▶ _DATA TO USE_:

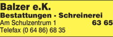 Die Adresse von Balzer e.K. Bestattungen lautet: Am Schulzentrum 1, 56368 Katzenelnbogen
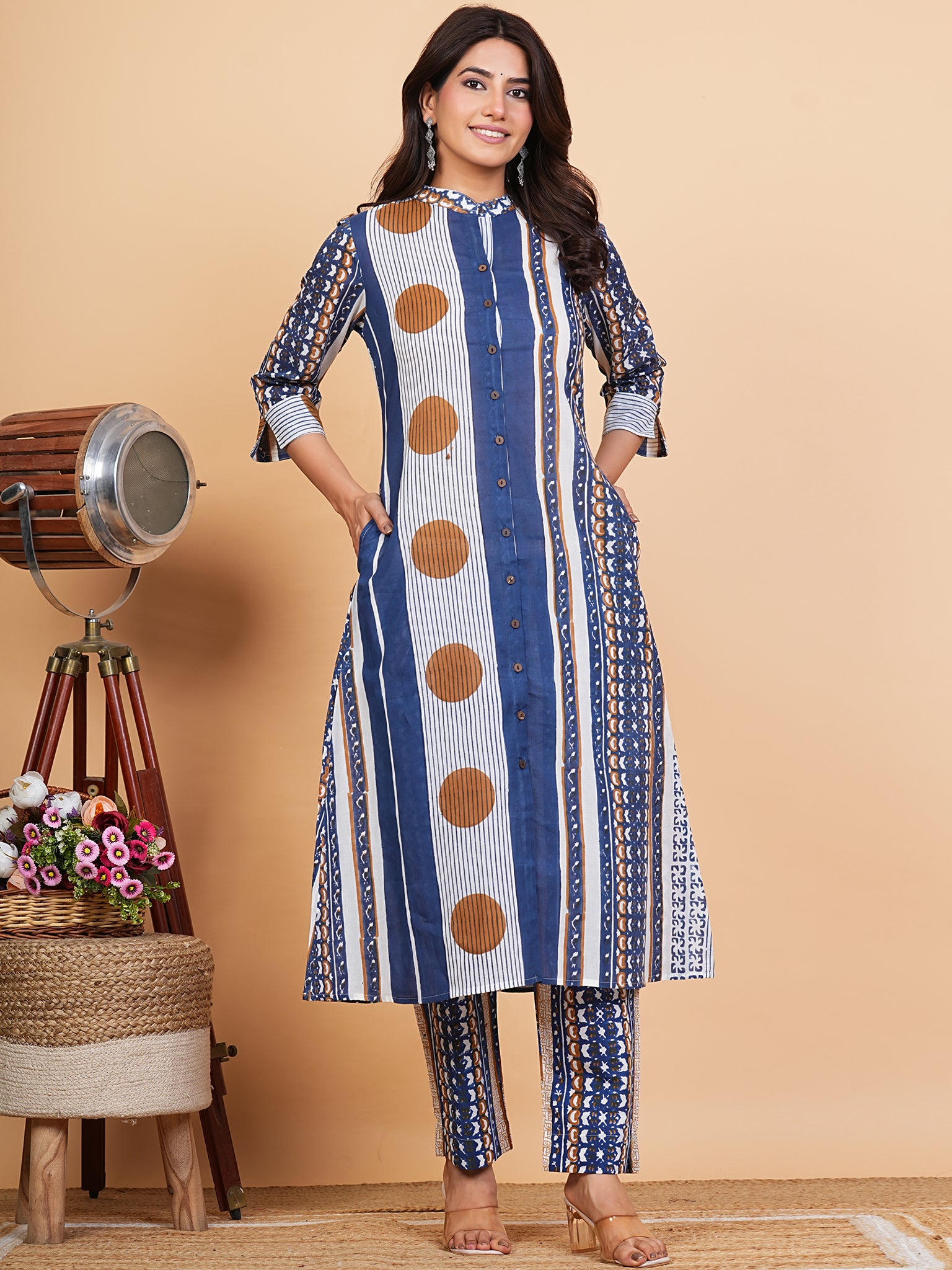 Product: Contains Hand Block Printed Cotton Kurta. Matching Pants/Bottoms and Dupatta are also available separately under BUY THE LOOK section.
---
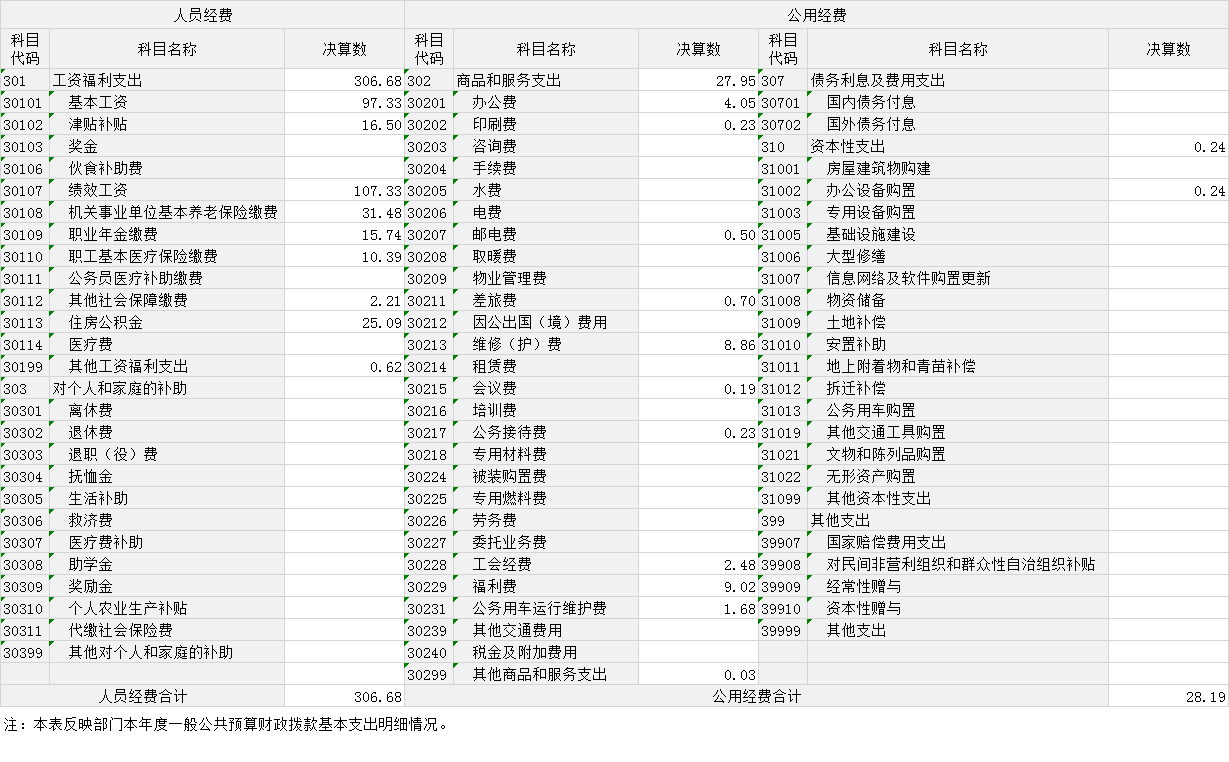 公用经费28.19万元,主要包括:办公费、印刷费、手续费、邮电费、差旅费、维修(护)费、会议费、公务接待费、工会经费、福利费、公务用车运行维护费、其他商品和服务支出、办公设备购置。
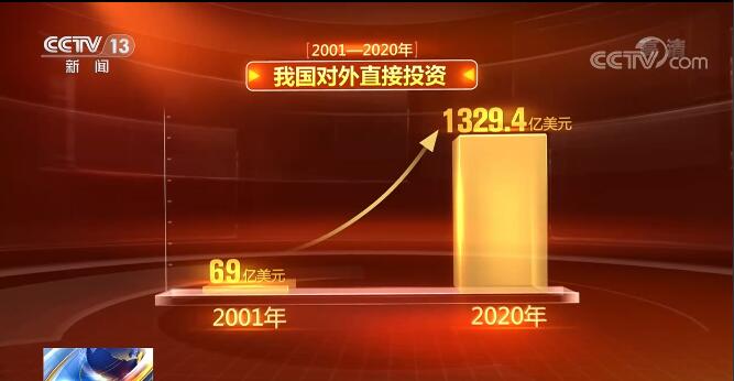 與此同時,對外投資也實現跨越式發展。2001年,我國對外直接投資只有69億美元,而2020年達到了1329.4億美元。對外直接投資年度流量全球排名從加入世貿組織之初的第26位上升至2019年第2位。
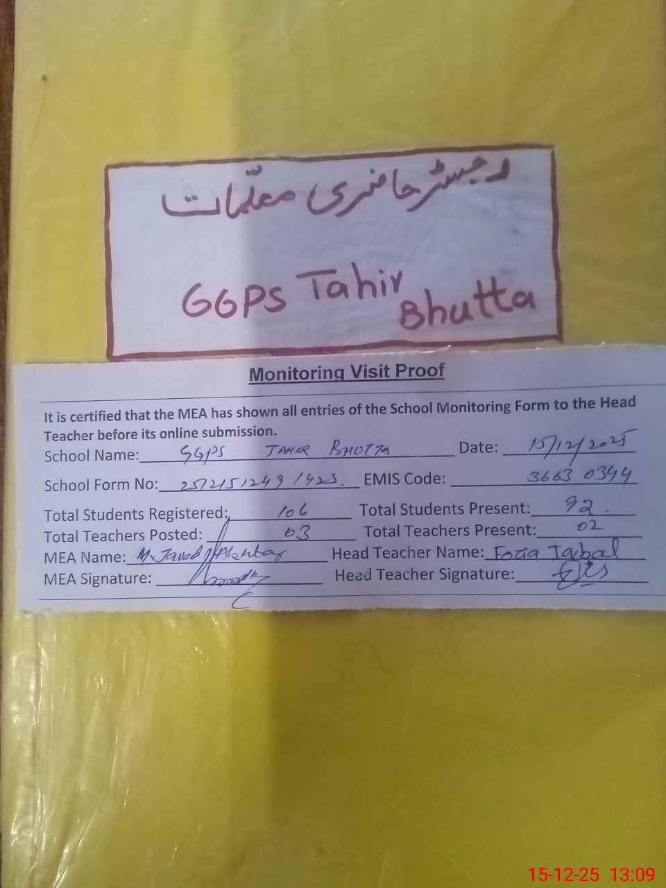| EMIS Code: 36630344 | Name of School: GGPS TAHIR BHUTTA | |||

▶ _REQUIRED ACTION_: Set the pictures aside and reproduce exactly the lines above, from the line holding "與此同時,對外投資也實現跨越" through the line holding "BHUTTA | |||", both included, with nothing else.

▶ _ANSWER BOX_:
 與此同時,對外投資也實現跨越式發展。2001年,我國對外直接投資只有69億美元,而2020年達到了1329.4億美元。對外直接投資年度流量全球排名從加入世貿組織之初的第26位上升至2019年第2位。
| EMIS Code: 36630344 | Name of School: GGPS TAHIR BHUTTA | |||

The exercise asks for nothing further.